Запомнился финал спектакля: мрачноватый дом фру Альвинг, раннее утро, восход солнца и — Освальд, удивленно-подавленный,с молкнувший человек с оцепенелым, нелепо-мечтательным взглядом, в котором не трудно было заметить признаки начинающегося безумия. «Жизнь отошла — и, покорясь судьбе, В каком-то забытьи изнеможенья, Здесь человек лишь снится сам себе...» — очнулась в подсознании заученная когда-то строка-мысль Тютчева. Этот взгляд Освальда — Подгорного со мною до сих пор. Он просил пощады. (У кого? Зачем?) Он возвращался к переживаниям детства. Казалось даже, что Подгорный намеренно играет один из тех характеров, которые, по словам Стефана Цвейга, «недоверчиво отстраняют всякие внешние импульсы и только изнутри, из искони насажденных ростков, развивают свой духовный облик». Самое удивительное: Освальд — Подгорный стеснялся многословия. Было ощущение, что вот-вот раздастся исповедь. А он был к исповеди не готов. Не предрасположен. Отвлекусь: Софья Владимировна Гиацинтова писала, что Ганя Иволгин в исполнении Подгорного (эта роль — его кинематографический дебют) производит впечатление человека, «который украдкой смотрит на себя в зеркало». Это сам Подгорный как бы украдкой смотрел на себя в зеркало. Все они — и Освальд, и Ганя Иволгин, и, чуть позже, Чацкий -—в какой-тб мере стали его двойниками. Подгорный никогда не играл сам себя. Но он, если так можно сказать, играл через себя. Он использовал материалы своей биографии. Чтобы так тихо, с такой грустью сыграть Чацкого, надо прочесть десятки поэтических книг. Чтобы так легко, так доверчиво сыграть Угиса из пьесы «Лето младшего брата» или, скажем, Безайса в спектакле «Когда горит сердце», надо быть счастливчиком и не верить, не признаваться себе в том, что жизнь полна драматизма. И — наоборот: чтобы спустя всего несколько лет так обреченно, так... молчаливо сыграть Освальда, надо пережить переоценку ценностей, многое увидеть и многое открыть. Воистину:

С мерцающих строк бытия
Ловлю я забытую фразу...

По-другому Подгорный не умел.
Ах какой это был Чацкий! Его не с кем сравнить. С ним трудно поставить кого-нибудь рядом. «О нет, Подгорный не сумел нам рассказать о Чацком любовнике, о Чацком страстном и наивном,— писала тогда Т. Чеботаревская.— И становления этого юного характера мы не увидели... В романтическом по трактовке спектакле герой, наверное, должен был бы обладать большой романтической окрыленностью, более открытым взлетом чувств!» Да, конечно, должен был бы. Барышев и Бабятинский — дублеры Подгорного — так и играли: красноречиво, энергично, эффектно. А Подгорный был задумчив и тих. Тревожен. Слова плакали в его устах. Кем был его Чацкий? Изгоем личного счастья? Снобом? Меланхоликом? Борцом? Нет и нет. Он жил как романтический герой — ожиданием гибели. Он чувствовал, знал, что «всему конец», что жизнь близка к кульминации. Он хотел сказать последние слова. Кому? Фамусову? Молчалину? Софье? Неправда! Обращаясь к обитателям фамусовского дома, он говорил как бы сам с собой, его мысли уходили далеко-далеко, в этом доме он находился как бы формально, до поры до времени, но куда же, куда он мог бежать?..

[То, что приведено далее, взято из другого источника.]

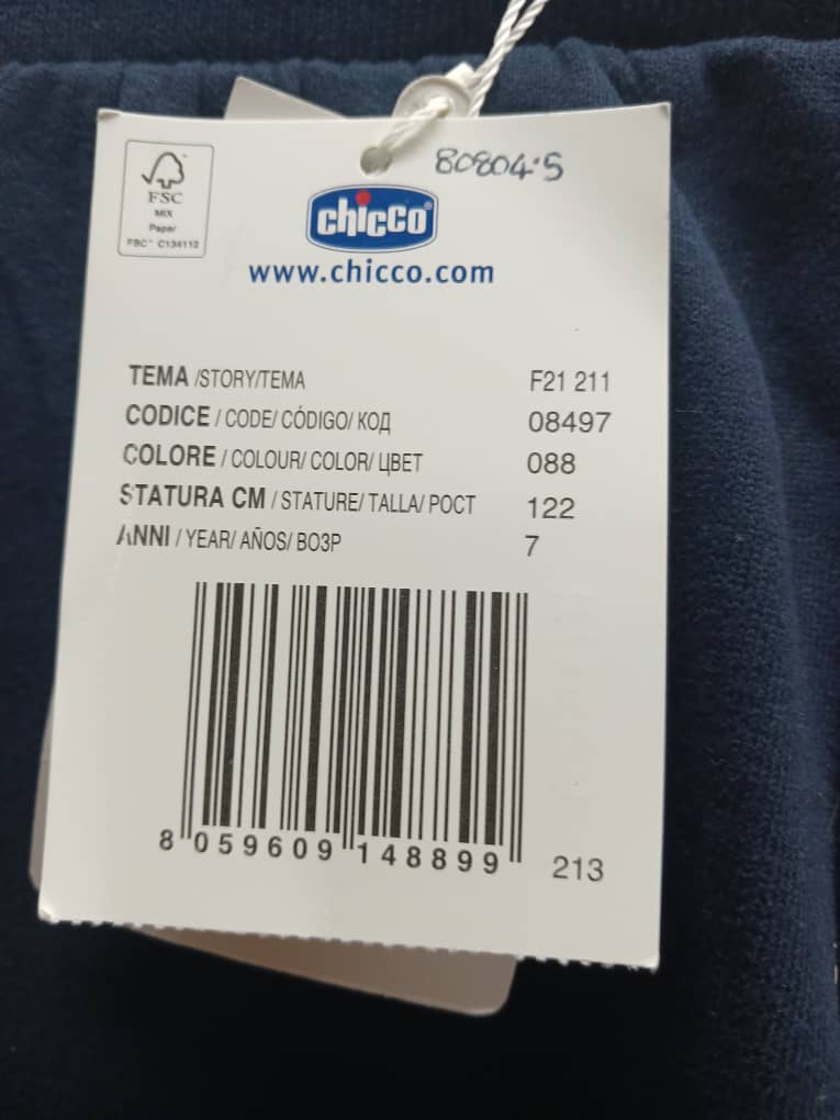 Pantalon confort- marine- Chicco- coton doux 100%- coupe soignée- taille élastiqué- facile à enfiler-7 ans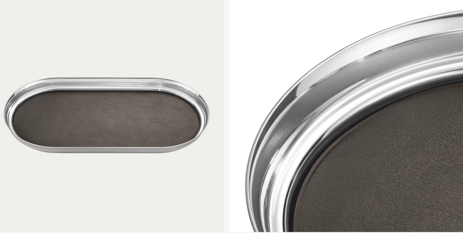 Description: Clean with clothCarefully handcrafted in Portugal by leather artisans, our new collection of leather trays was designed with sophistication in mindAll the pieces are vegetable-tanned, one of the oldest and most environmentally-friendly methods of leather tanning. Dimensions: 12'' x 10.25''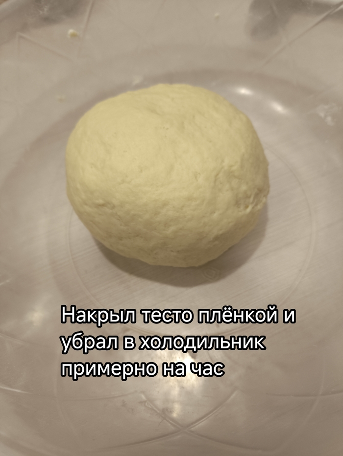 Делаем из него лепешку, заворачиваем в пищевую пленку или в пакет и кладем в холодильник на 1 час.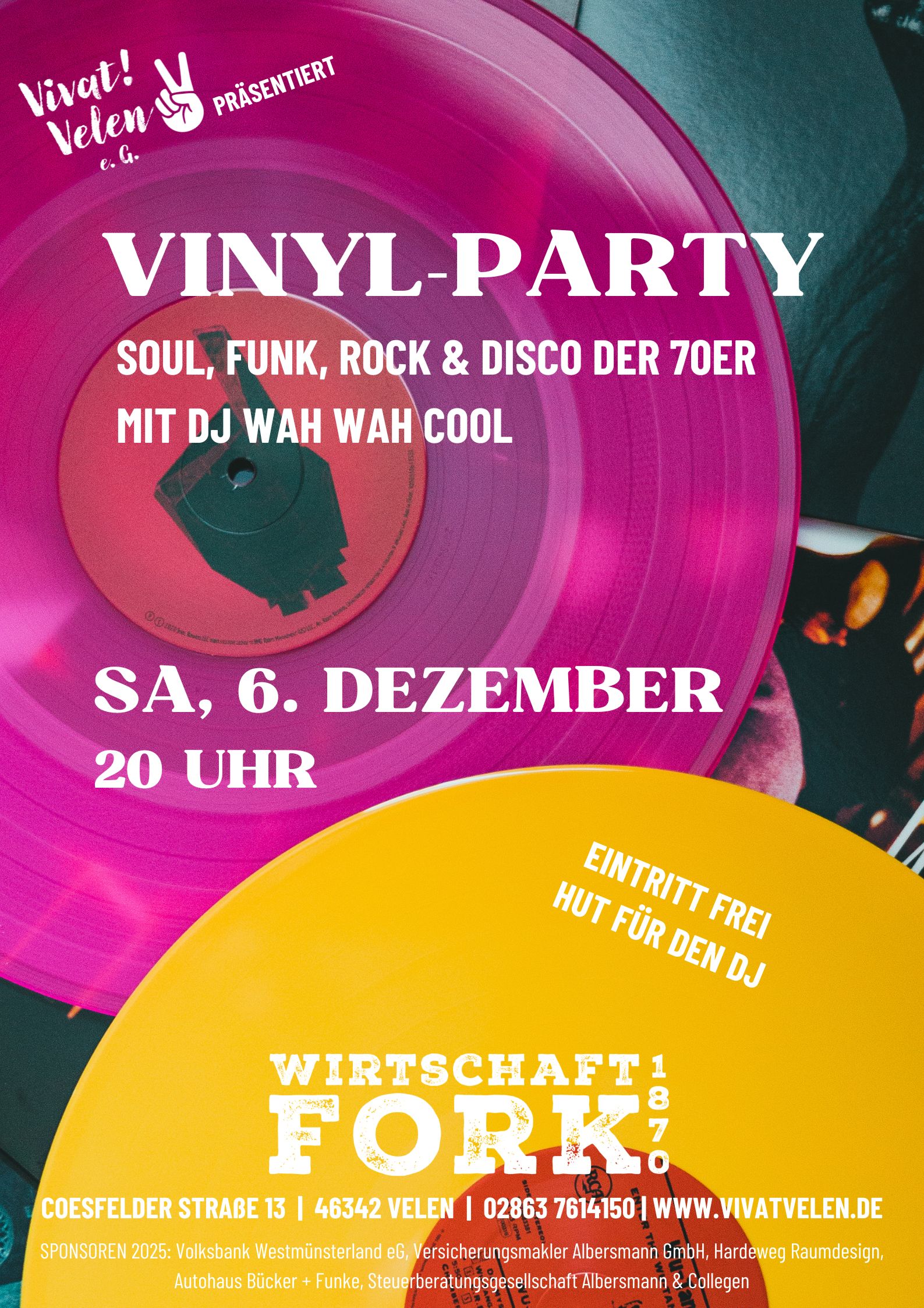 Es ist wieder an der Zeit – die nächste Vinyl-Party steigt! Am Samstag, den 06.12.2025 ab 20.00 Uhr kann wieder ordentlich abgezappelt werden. DJ Wah wah cool hat eine bunte Mischung aus Soul, Funk, Rock und Discomusik der 1970er und 1980er im Gepäck. Der Eintritt ist frei, es wird jedoch wie gewohnt ein Spendenhut für den DJ herumgehen. Also: Schmeißt euch in Schale und kommt rum! 🙂
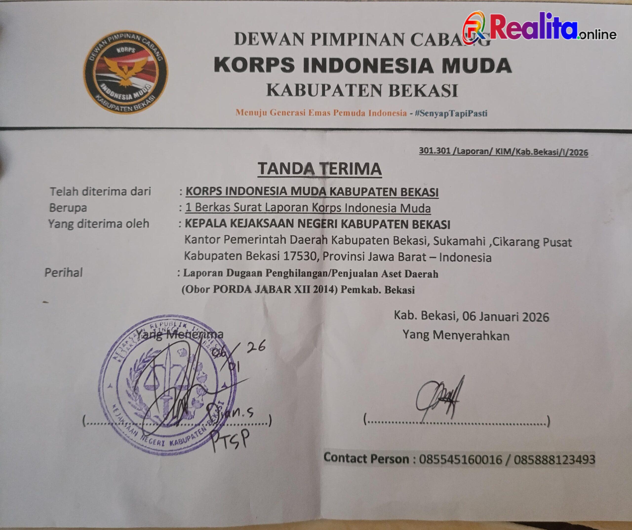 Diketahui Surat Laporan yang dilayangkan KIM Kab. Bekasi Ke Kejaksaan Negeri perihal Dugaan Penjualan Aset yang dilakukan Oknum PNS berinisial AM dari Dinas Disbudpora. Adapun aset daerah yang dijual oleh oknum tersebut berupa Obor Porda Jabar XII 2014. Dengan penjualan tersebut, oknum PNS diduga meraup keuntungan puluhan juta rupiah. Bahkan KIM Kab. Bekasi mendapat informasi bahwa oknum tersebut sudah biasa menjual aset – aset daerah yang disimpan oleh disbudpora di Stadion Wibawa Mukti.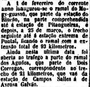 1887, saindo de Dois Córregos, no ramal de Jaú, e atingindo a estação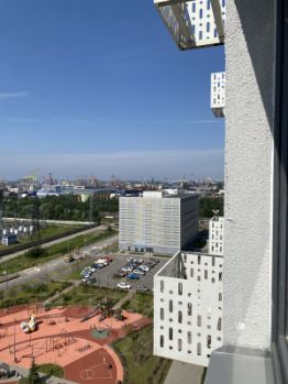 - Спальня 10,1 м кв. с большой кроватью и удобным новым матрасом и шкафом, также с окном с видом на залив, также с правой стороны видна башня "Газпром".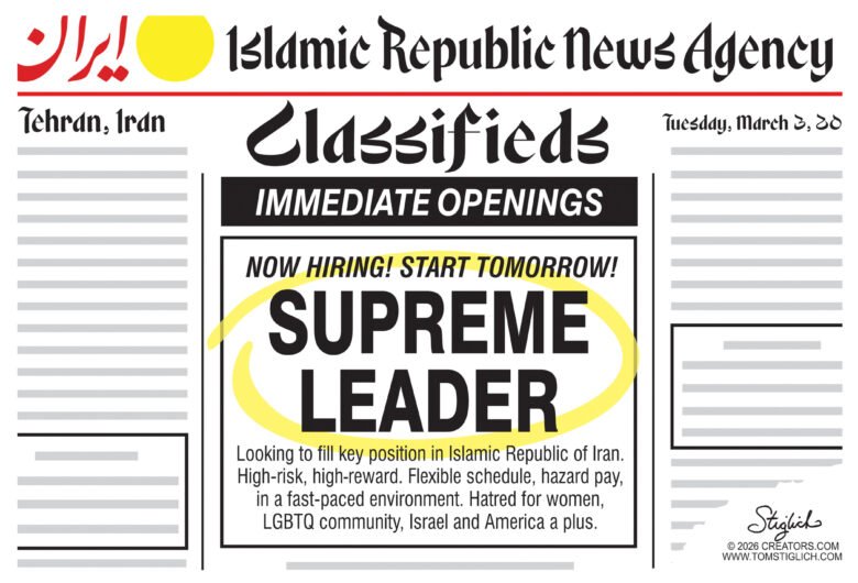 Home/Trending Topics/Editorial Cartoons/Job Opening Editorial Cartoons Job Opening Tom StiglichMarch 4, 20260 86 Facebook X Pinterest Reddit WhatsApp Share via Email Print Tom StiglichMarch 4, 20260 86 Facebook X Pinterest Reddit WhatsApp Share via Email Print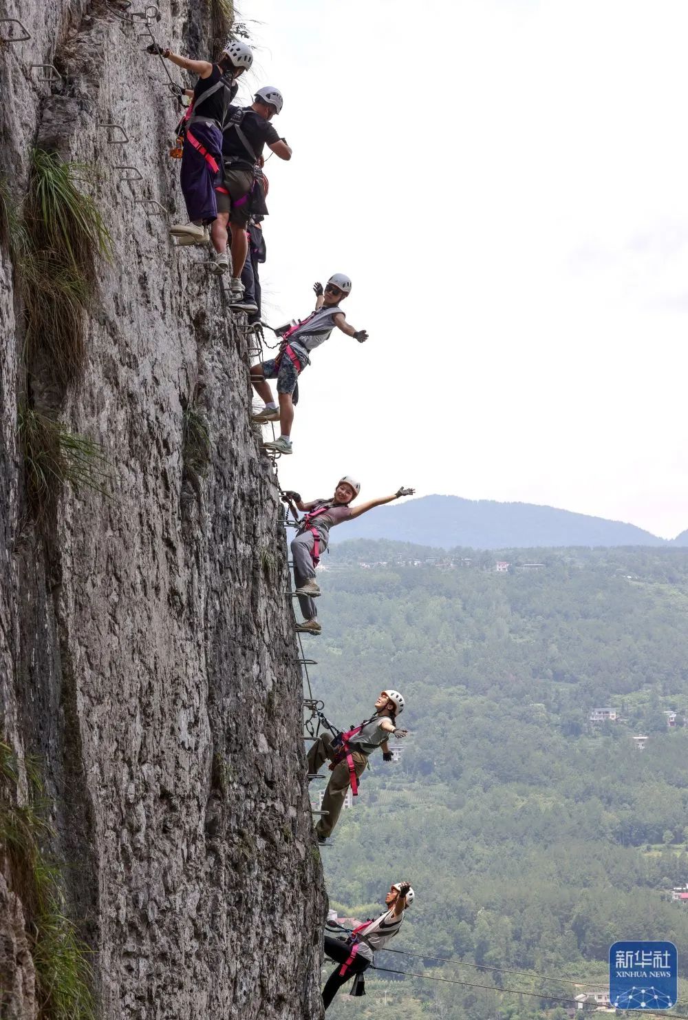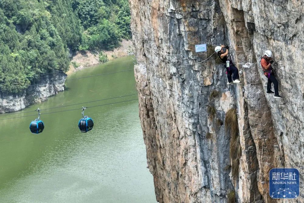 湖北省恩施市新塘乡红花峰林景区,游客在体验“飞拉达”攀岩项目。新华社发(赵军摄)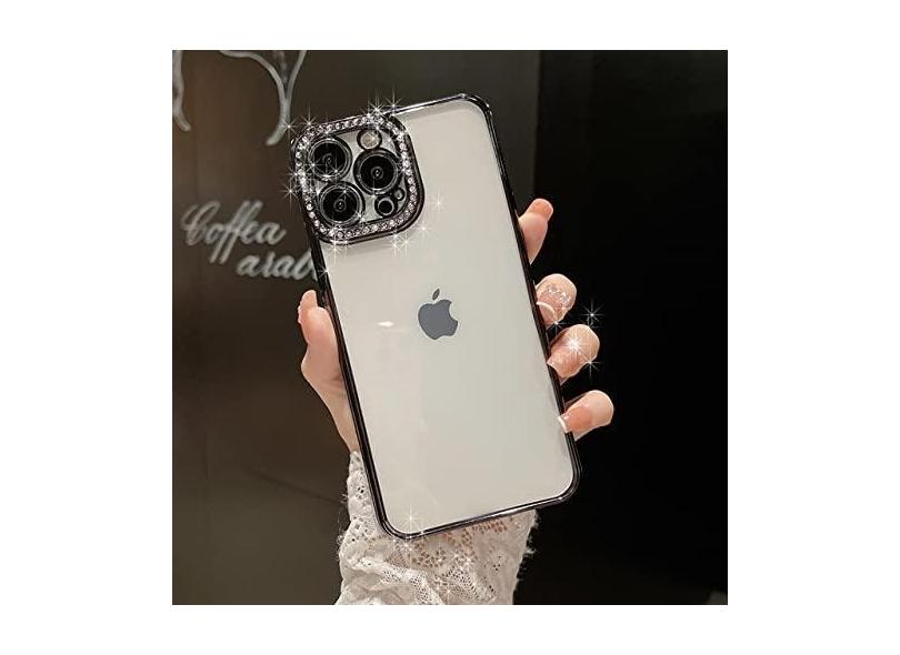 Capa Diamond para iPhone 13 Pro Max 12 11 Pro Xs Max Xr 7 8 14 Plus Electroplate Silicone Transparente Soft Back Cover, Preto, Para iPhone XR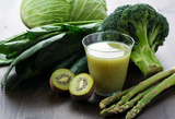A lot of green vegetables placed on a wooden background and a glass of vegetable juice

А годы шли. Смолоду, по складу ума, Подгорный был противником «всего вулканического». Работая над ролью, он интуитивно заставлял себя «выйти за пределы непосредственного актерского переживания для того, чтобы его объяснить» (пользуюсь определением Л. С. Выготского). А чувство ответственности заставляло вдумчиво и хладнокровно относиться к тому, что поэты называли «свободным самораскрытием души».

Подгорный был наделен своеобразным конкретно-образным мышлением. Жизнь он имитировал мастерски. Любую жизненную деталь мог без труда перелить в образ своей фантазии. Когда И. Ильинский предложил ему сыграть в «Ярмарке тщеславия» роль старого генерала Тафто, Подгорный, не раздумывая, согласился. Даже обрадовался. В «Ярмарке тщеславия» он стремился к полному перевоплощению. Как никогда прежде, его волновала формальная сторона роли.

Тафто выглядел забавно, будто игрушка из папье-маше. Теперь такие куклы уже не делают. Теперь дети их презирают. Еще бы! Дремучая образина, у которой с лицом сходства едва ли не больше, чем с орнаментом на газоне в городском саду, руки ватные, ненастоящие, нога, перед каждым новым шагом выписывающая в воздухе шальные «треугольники»,— эту игрушку было жаль, ее механизм работал как-то вымученно, и она уже ни на что не годилась. Нет, Подгорный играл не плохо. Он даже не сразу узнавался. И все-таки чего-то не хватало — чего? не знаю, может быть — одухотворенности. Его, лично его, Подгорного, не хватало на сцене: его глаз, его лица, скрытого под толстым слоем грима.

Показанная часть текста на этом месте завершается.